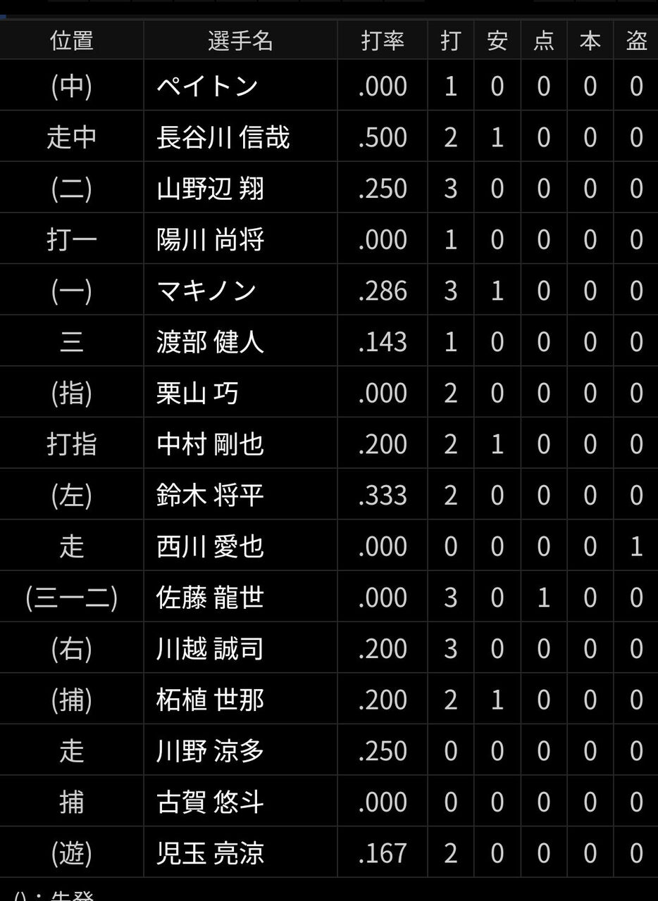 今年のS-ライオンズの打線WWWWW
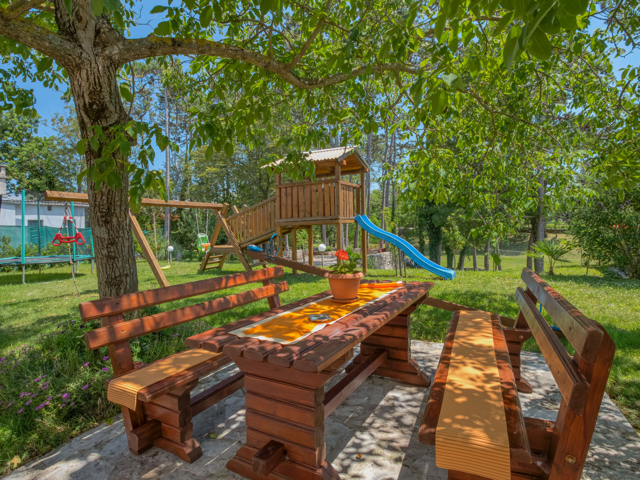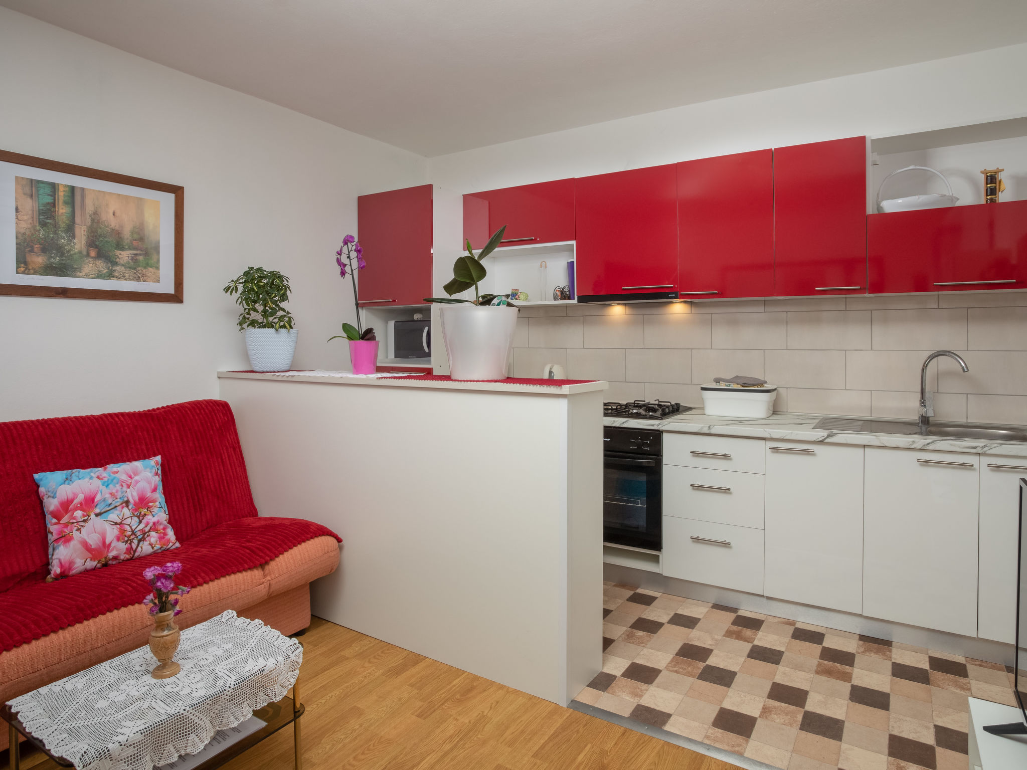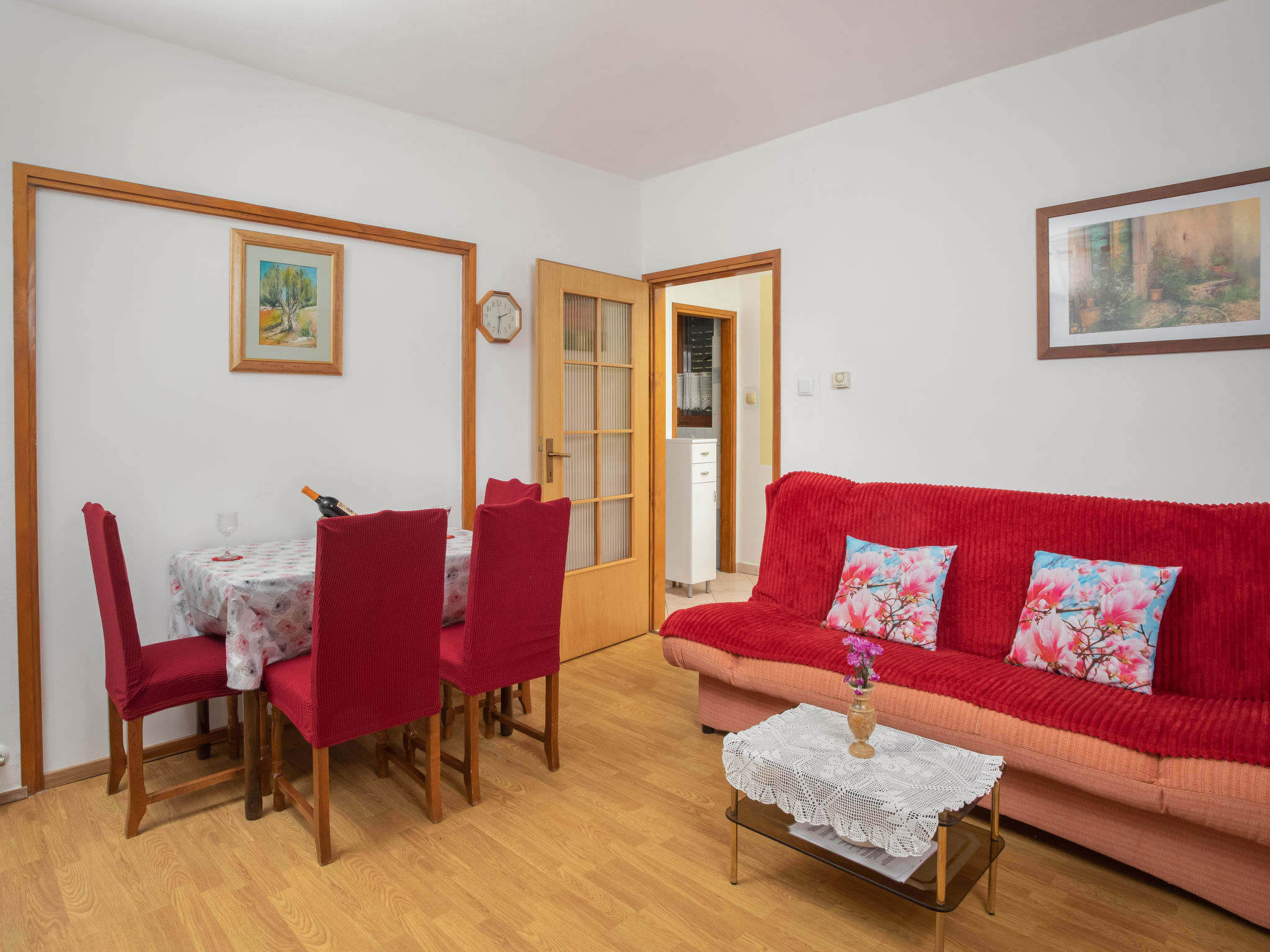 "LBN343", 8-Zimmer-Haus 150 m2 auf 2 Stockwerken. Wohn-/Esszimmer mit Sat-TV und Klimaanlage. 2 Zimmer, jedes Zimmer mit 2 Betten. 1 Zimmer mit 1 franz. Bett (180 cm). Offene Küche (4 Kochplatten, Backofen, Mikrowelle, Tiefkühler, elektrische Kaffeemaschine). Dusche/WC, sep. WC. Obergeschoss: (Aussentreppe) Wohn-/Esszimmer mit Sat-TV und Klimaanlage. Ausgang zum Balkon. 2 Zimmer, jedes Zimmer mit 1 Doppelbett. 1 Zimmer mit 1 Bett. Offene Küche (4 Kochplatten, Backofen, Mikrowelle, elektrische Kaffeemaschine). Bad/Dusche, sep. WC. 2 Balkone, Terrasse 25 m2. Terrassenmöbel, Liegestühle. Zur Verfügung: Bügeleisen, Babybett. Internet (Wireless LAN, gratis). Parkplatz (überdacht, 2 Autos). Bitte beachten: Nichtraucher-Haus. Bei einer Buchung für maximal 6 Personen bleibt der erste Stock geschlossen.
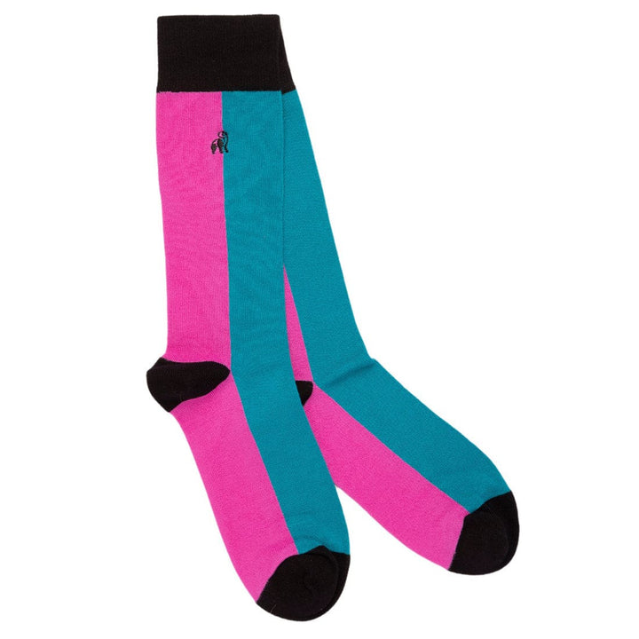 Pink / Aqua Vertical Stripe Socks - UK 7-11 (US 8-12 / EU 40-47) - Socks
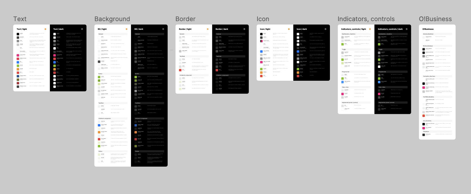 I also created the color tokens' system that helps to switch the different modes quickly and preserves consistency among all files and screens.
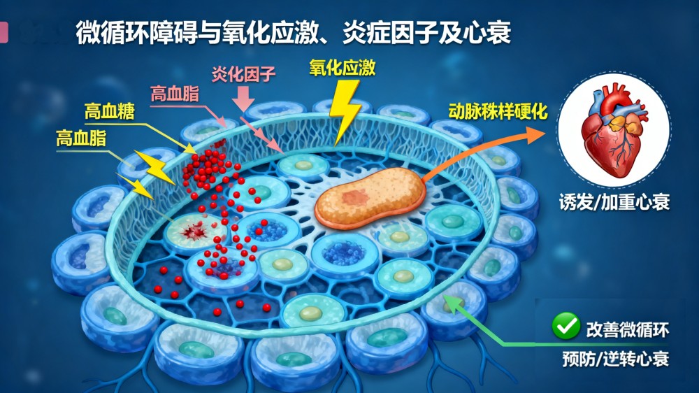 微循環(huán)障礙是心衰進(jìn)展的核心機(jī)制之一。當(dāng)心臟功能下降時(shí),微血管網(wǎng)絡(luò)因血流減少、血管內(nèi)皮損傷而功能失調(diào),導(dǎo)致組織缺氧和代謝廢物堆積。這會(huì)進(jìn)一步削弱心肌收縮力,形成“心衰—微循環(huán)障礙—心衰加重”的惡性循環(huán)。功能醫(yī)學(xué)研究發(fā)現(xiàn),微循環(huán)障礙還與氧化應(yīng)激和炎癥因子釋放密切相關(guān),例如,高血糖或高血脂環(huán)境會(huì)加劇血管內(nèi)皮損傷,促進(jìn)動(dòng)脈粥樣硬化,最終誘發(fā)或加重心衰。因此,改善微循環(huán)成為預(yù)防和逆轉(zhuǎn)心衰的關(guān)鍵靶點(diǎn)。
* * *
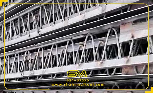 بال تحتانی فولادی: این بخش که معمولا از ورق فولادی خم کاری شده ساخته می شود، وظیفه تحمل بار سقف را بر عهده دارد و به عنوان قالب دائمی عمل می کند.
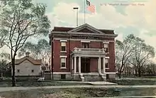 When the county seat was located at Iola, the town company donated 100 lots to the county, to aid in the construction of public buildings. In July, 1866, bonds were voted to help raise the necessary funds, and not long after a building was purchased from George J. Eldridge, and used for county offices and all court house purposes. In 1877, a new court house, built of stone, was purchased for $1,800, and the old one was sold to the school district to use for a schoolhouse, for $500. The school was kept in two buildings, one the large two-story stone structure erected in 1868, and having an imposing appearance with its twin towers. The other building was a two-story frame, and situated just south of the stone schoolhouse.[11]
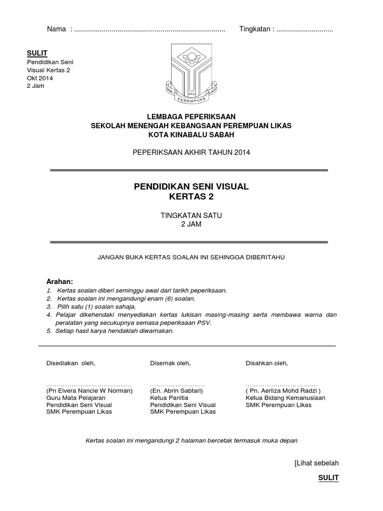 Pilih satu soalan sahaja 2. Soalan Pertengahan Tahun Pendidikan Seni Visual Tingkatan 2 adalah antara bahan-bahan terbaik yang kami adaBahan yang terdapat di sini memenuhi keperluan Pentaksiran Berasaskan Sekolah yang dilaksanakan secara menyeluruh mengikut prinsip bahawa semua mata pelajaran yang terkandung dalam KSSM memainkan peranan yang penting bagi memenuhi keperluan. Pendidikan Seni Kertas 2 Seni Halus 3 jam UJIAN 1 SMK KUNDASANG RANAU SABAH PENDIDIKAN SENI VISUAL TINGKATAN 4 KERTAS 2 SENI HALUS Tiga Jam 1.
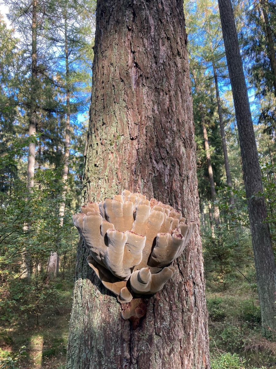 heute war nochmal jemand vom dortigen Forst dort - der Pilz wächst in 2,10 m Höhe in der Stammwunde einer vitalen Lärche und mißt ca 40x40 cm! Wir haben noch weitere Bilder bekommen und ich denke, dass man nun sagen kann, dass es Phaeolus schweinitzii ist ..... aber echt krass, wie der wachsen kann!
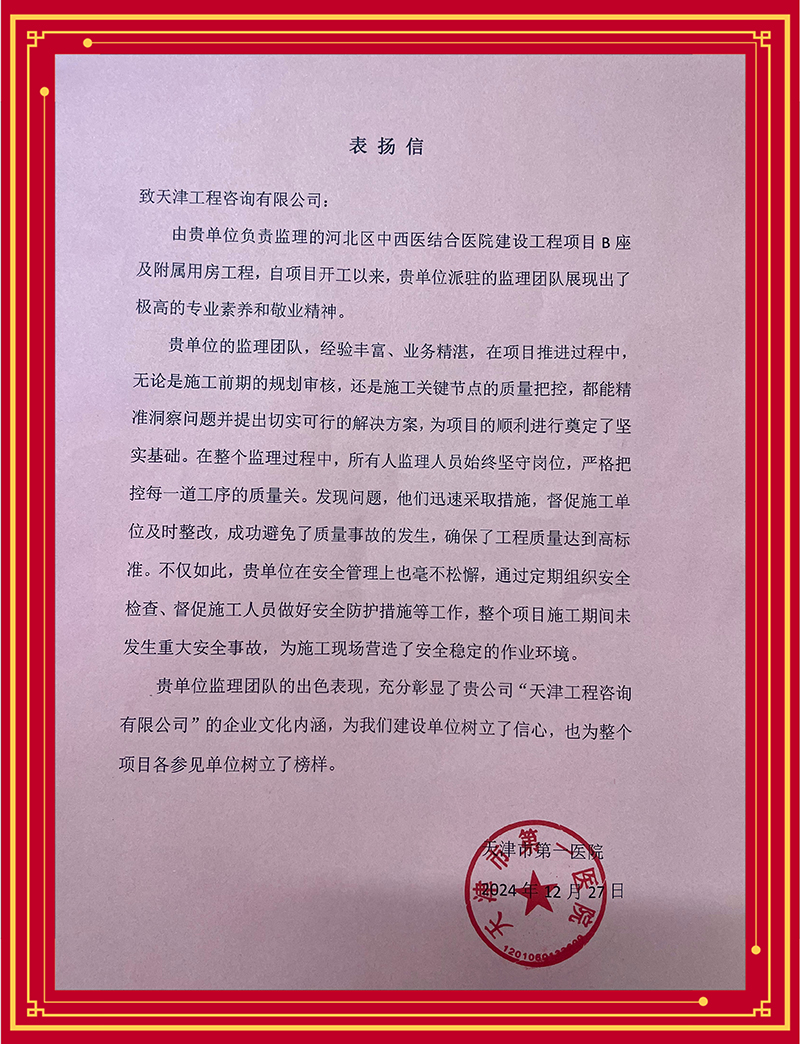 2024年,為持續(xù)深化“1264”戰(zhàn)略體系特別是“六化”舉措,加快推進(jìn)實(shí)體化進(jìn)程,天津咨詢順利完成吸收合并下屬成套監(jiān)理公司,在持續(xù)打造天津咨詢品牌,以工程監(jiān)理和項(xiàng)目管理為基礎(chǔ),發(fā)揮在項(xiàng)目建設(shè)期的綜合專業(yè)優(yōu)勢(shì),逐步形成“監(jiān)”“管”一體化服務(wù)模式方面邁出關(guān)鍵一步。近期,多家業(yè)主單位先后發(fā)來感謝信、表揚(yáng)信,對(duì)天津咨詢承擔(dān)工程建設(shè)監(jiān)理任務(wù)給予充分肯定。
* * *
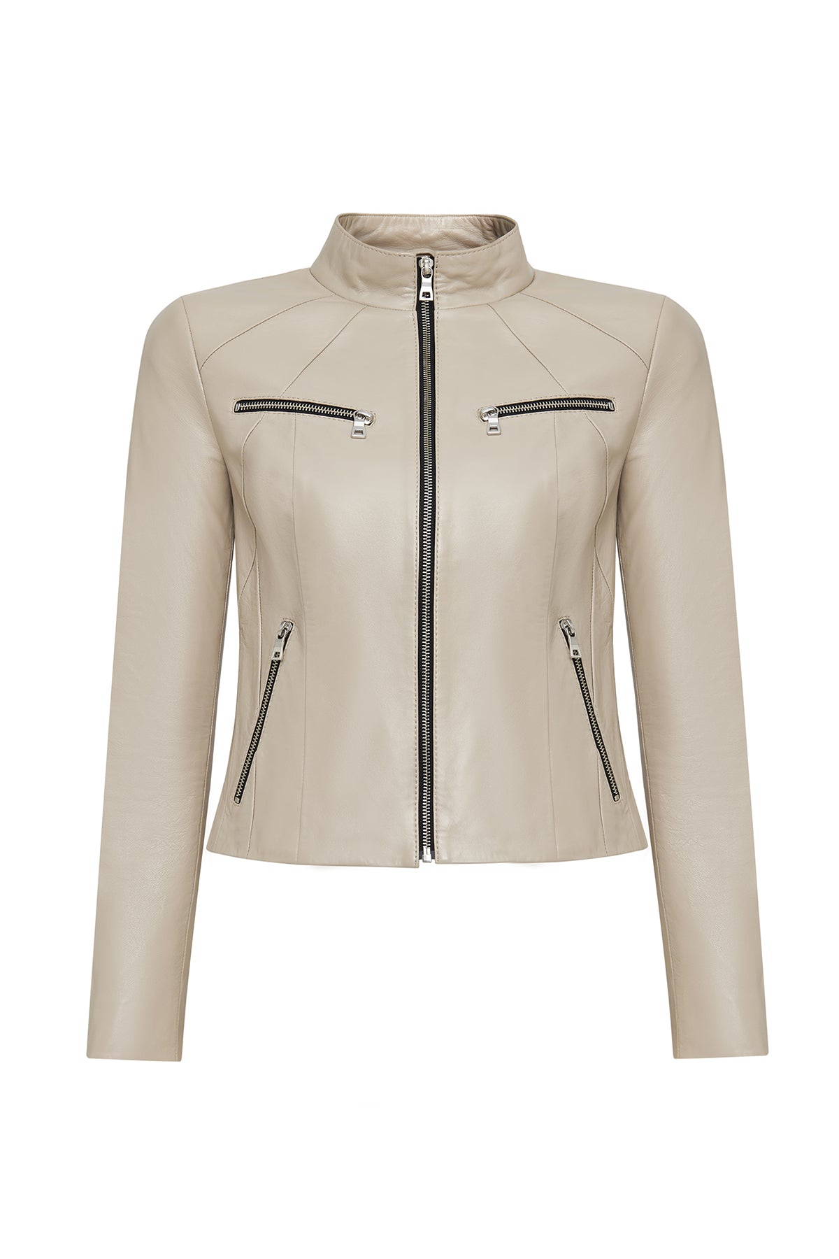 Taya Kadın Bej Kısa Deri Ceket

[TASK GOAL]
Using the entries above, transcribe exactly from the line that has "今年のS-ライオンズの打線WWWWW" through the line that has "Pink / Aqua". Pictures are dropped.

[ANSWER TO THE PROBLEM]
 今年のS-ライオンズの打線WWWWW
 "LBN343", 8-Zimmer-Haus 150 m2 auf 2 Stockwerken. Wohn-/Esszimmer mit Sat-TV und Klimaanlage. 2 Zimmer, jedes Zimmer mit 2 Betten. 1 Zimmer mit 1 franz. Bett (180 cm). Offene Küche (4 Kochplatten, Backofen, Mikrowelle, Tiefkühler, elektrische Kaffeemaschine). Dusche/WC, sep. WC. Obergeschoss: (Aussentreppe) Wohn-/Esszimmer mit Sat-TV und Klimaanlage. Ausgang zum Balkon. 2 Zimmer, jedes Zimmer mit 1 Doppelbett. 1 Zimmer mit 1 Bett. Offene Küche (4 Kochplatten, Backofen, Mikrowelle, elektrische Kaffeemaschine). Bad/Dusche, sep. WC. 2 Balkone, Terrasse 25 m2. Terrassenmöbel, Liegestühle. Zur Verfügung: Bügeleisen, Babybett. Internet (Wireless LAN, gratis). Parkplatz (überdacht, 2 Autos). Bitte beachten: Nichtraucher-Haus. Bei einer Buchung für maximal 6 Personen bleibt der erste Stock geschlossen.
 Pink / Aqua Vertical Stripe Socks - UK 7-11 (US 8-12 / EU 40-47) - Socks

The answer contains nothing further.